WHAT YOU WILL DO: Repeat, word for word, every line from the line holding "Craft the ultimate" through the final line of the entries below. Skip all pictures.

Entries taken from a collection
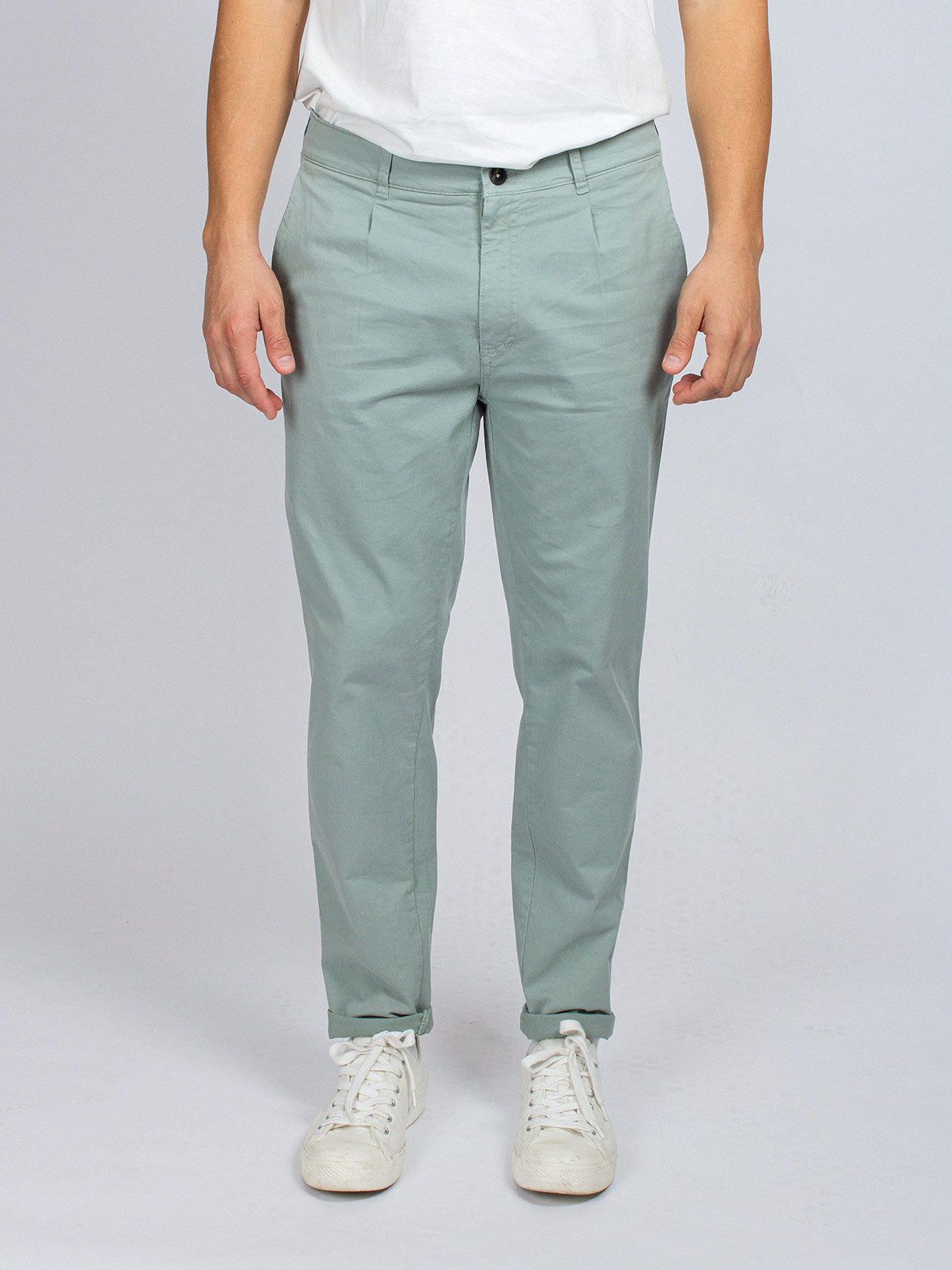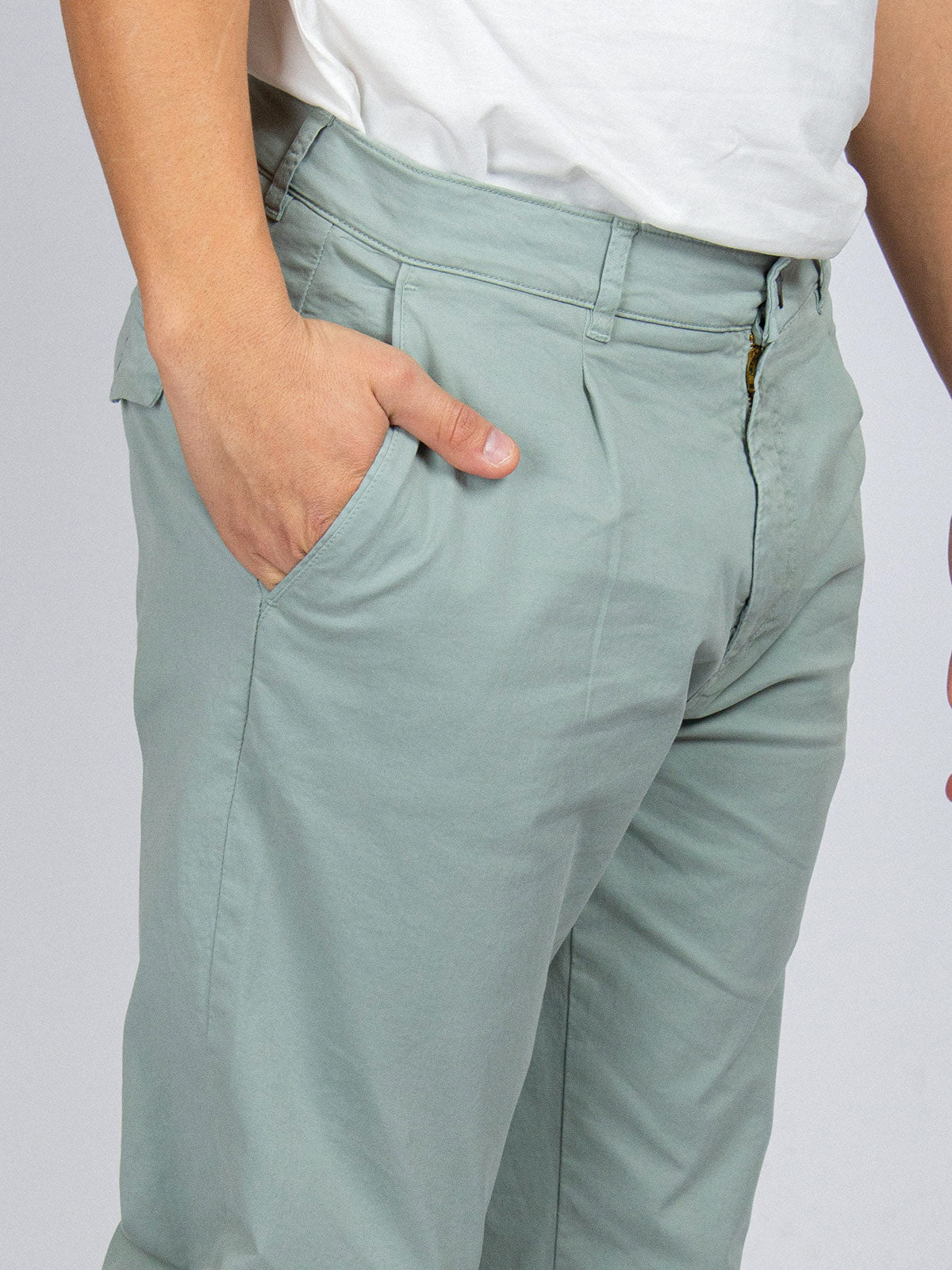 El light pant es un pantalón tappered fit con pinzas en el frontal. Esto quiere decir que tiene un corte un poco ancho en la parte superior (cintura y muslo) para luego estrechar progresivamente a medida que la pierna baja. Es cómodo y elegante pero desenfadado a la vez y con cierto aire sport, perfecto para llevarlo remangado.
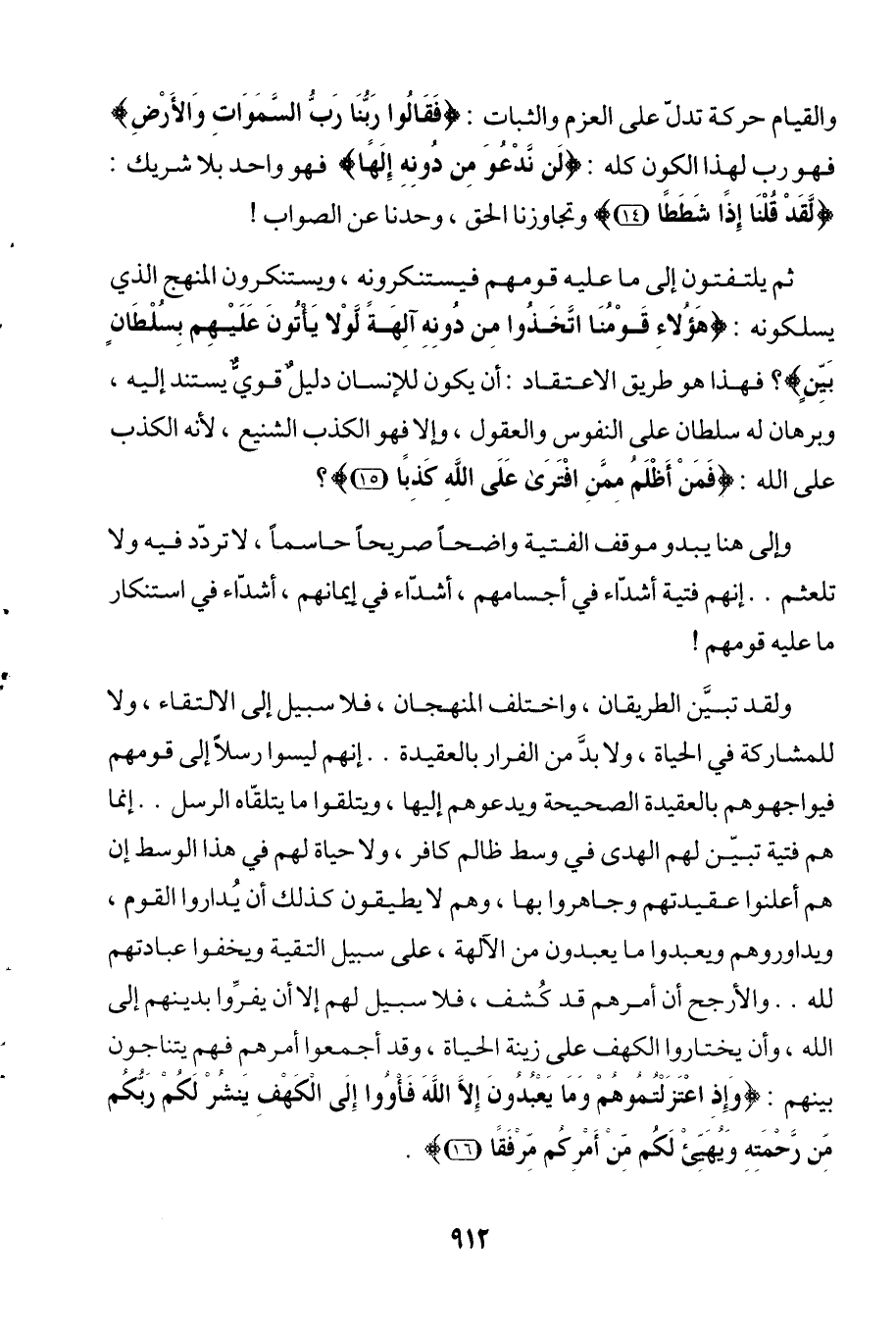 والقيام حركة تدل على العزم والثبات: {فَقَالُوا رَبُّنَا رَبُّ السَّمَاوَاتِ وَالْأَرْضِ} فهو رب لهذا الكون كله: {لَنْ نَدْعُوَ مِنْ دُونِهِ إِلَهًا} فهو واحد بلا شريك: {لَقَدْ قُلْنَا إِذًا شَطَطًا (14)} وتجاوزنا الحق، وحدنا عن الصواب!
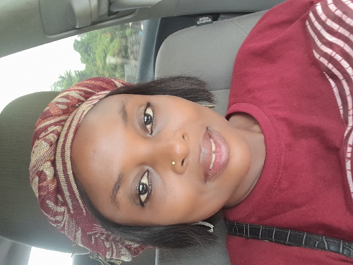 The scene takes place inside a vehicle, identified as being in the city of Ikota, Nigeria. The primary subject is an adult female with dark skin and dark, shoulder-length hair, occupying the front passenger seat. She wears a maroon and beige patterned head wrap, a maroon long-sleeved top with a light-colored wavy pattern on the chest, a small gold-colored stud in her right nostril, and a dangling earring on her left ear. A black, textured strap is visible over her left shoulder. She has a neutral expression with a slight closed-mouth smile, looking directly at the viewer. Behind her, a gray vehicle headrest and seatback are visible. Through the vehicle's right-side window, an exterior environment featuring dense green foliage and an indistinct light-colored vertical structure is visible under an overcast sky.
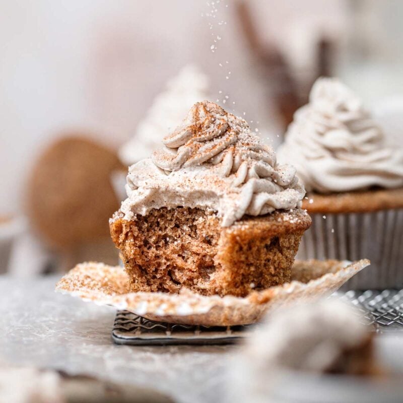 You can sprinkle a bit of cinnamon sugar on top or even add a cinnamon stick for the perfect finishing touch. If you want to switch it up…these cupcakes would also be delicious with my vegan cream cheese frosting!
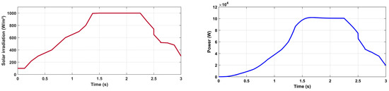 The input current of the PEM electrolyzer reaches its maximum at the peak of the PV power system Figure 11. Since the electrolyzer is powered by the PV system, when there is an excess of energy, the current of the electrolyzer reaches its maximum at the PV system’s peak output power.
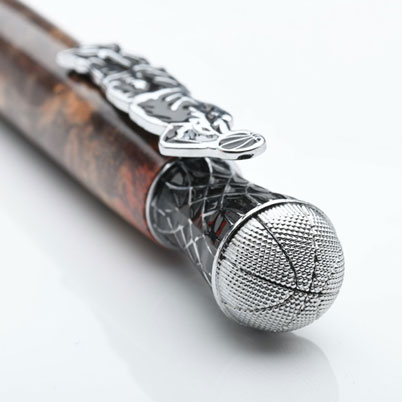 Craft the ultimate gift for basketball enthusiasts and players with a twist pen that captures the essence of the game. The pen tip showcases a collection of basketball players in action, dribbling, shooting, and dunking in a sleek silhouette. The pen clip features a player mid-jump, taking a shot. The pen end cap boasts a realistic basketball and hoop design. With various pen blank options, you can customize the pen to reflect your favorite player or team. Equipped with a smooth-writing Parker-style refill, this pen is both functional and stylish.
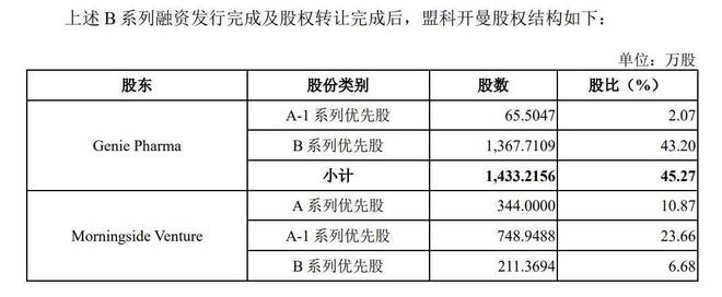 Genie Pharm是最早投资盟科药业的机构之一。在盟科药业2013年的B轮融资中,Genie Pharm就豪掷2000余万美元参与领投,并承接了A轮机构Devon Park的部分股票。虽然Genie Pharm后续再未追加投资,但却以大股东身份陪伴了盟科药业长达12年时间。
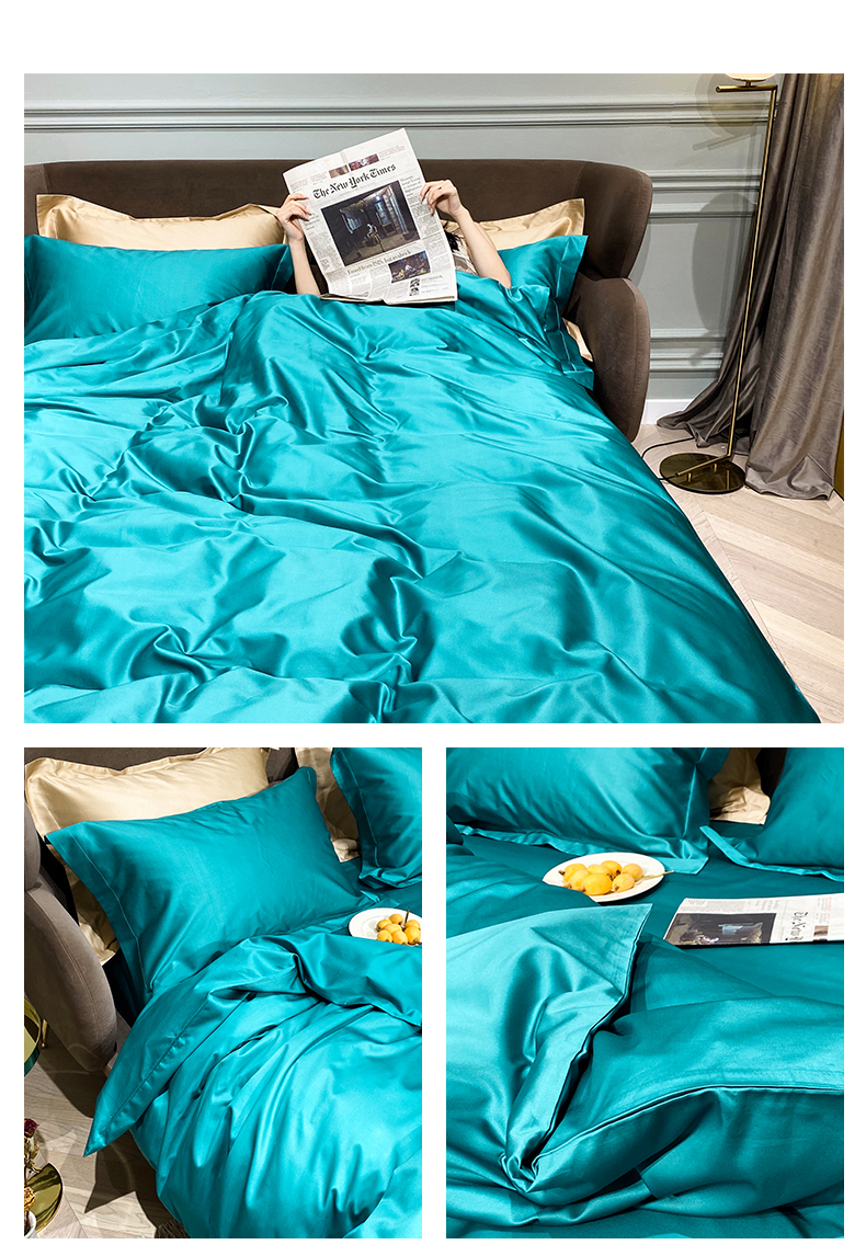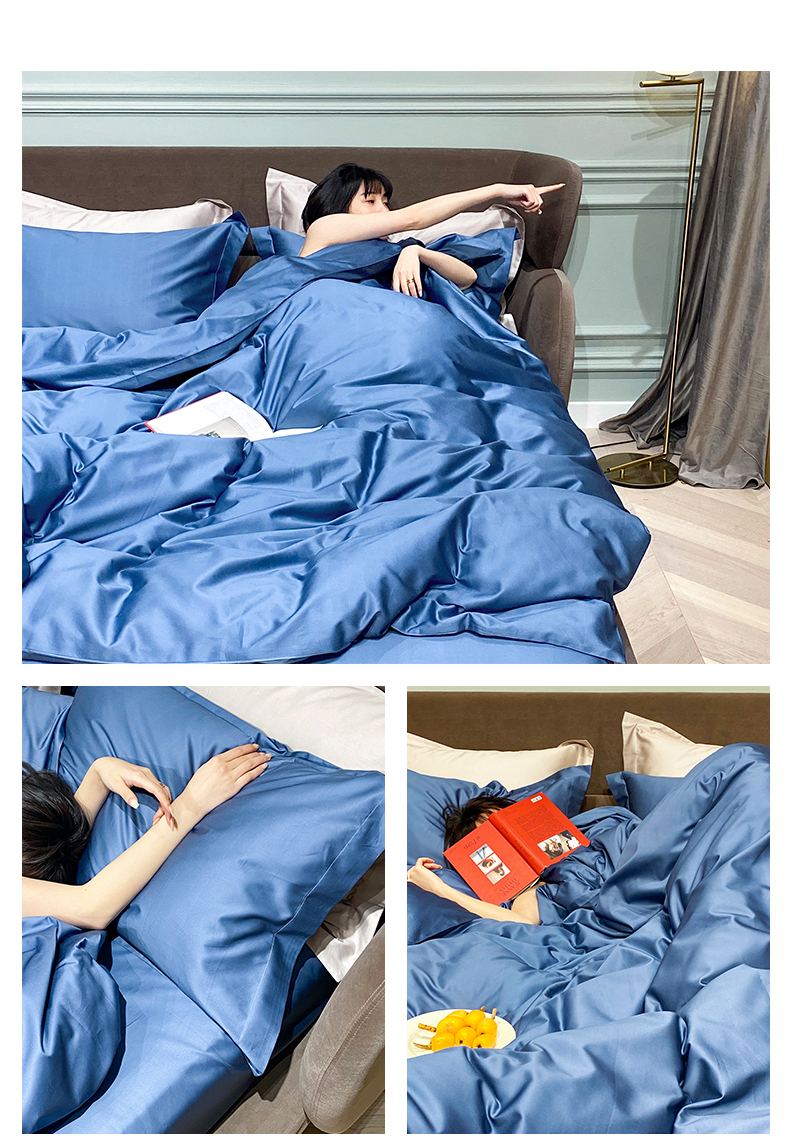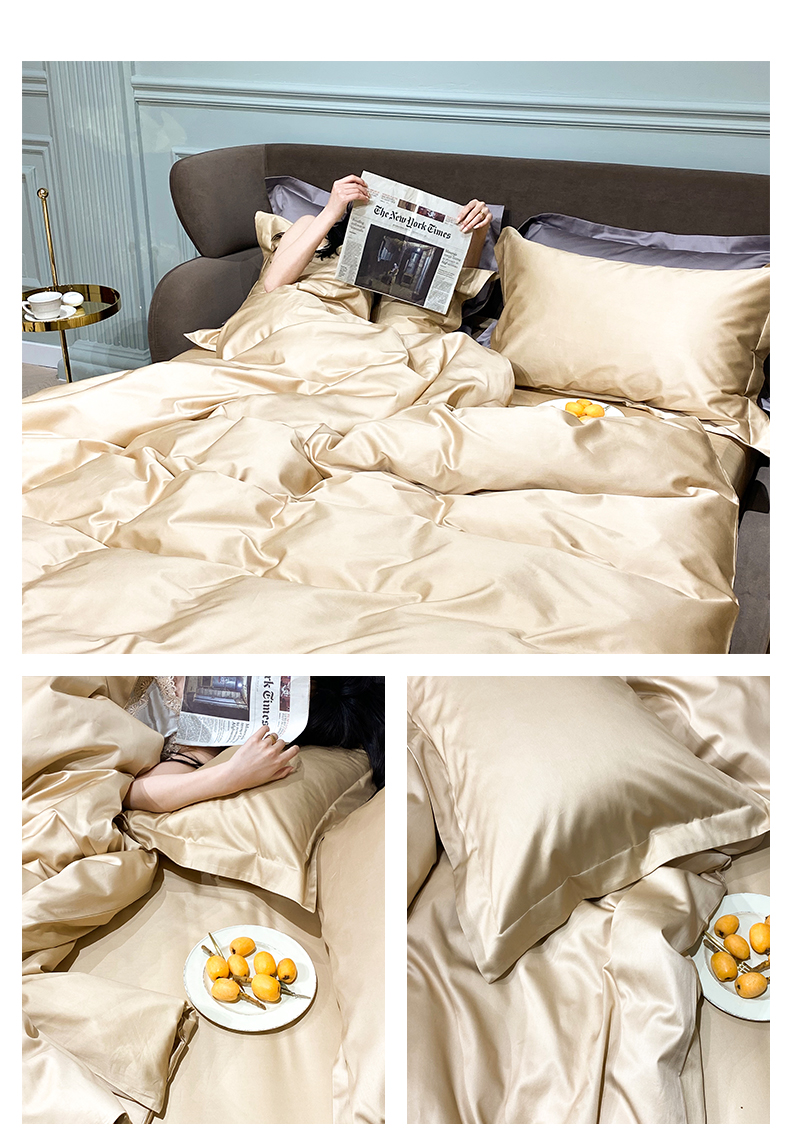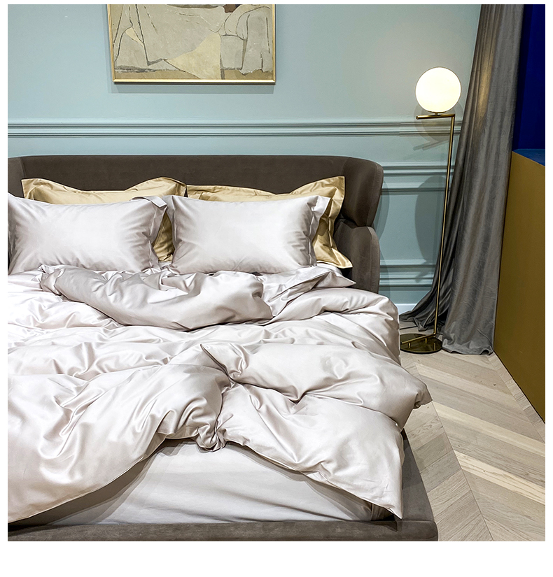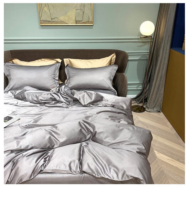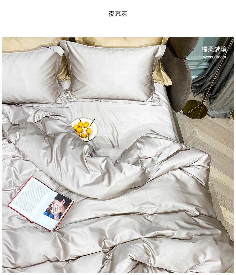 Kadimei light luxury brand 100 thread cotton 4-piece pure cotton bed sheet and quilt cover Nordic bedding set solid color bedclothes night grey E [100 thread count cotton] 2.0m bed sheet (220 * 240cm quilt cover + 245 * 2 [picture price brand quotati...

TASK RESPONSE:
 Craft the ultimate gift for basketball enthusiasts and players with a twist pen that captures the essence of the game. The pen tip showcases a collection of basketball players in action, dribbling, shooting, and dunking in a sleek silhouette. The pen clip features a player mid-jump, taking a shot. The pen end cap boasts a realistic basketball and hoop design. With various pen blank options, you can customize the pen to reflect your favorite player or team. Equipped with a smooth-writing Parker-style refill, this pen is both functional and stylish.
 Genie Pharm是最早投资盟科药业的机构之一。在盟科药业2013年的B轮融资中,Genie Pharm就豪掷2000余万美元参与领投,并承接了A轮机构Devon Park的部分股票。虽然Genie Pharm后续再未追加投资,但却以大股东身份陪伴了盟科药业长达12年时间。
 Kadimei light luxury brand 100 thread cotton 4-piece pure cotton bed sheet and quilt cover Nordic bedding set solid color bedclothes night grey E [100 thread count cotton] 2.0m bed sheet (220 * 240cm quilt cover + 245 * 2 [picture price brand quotati...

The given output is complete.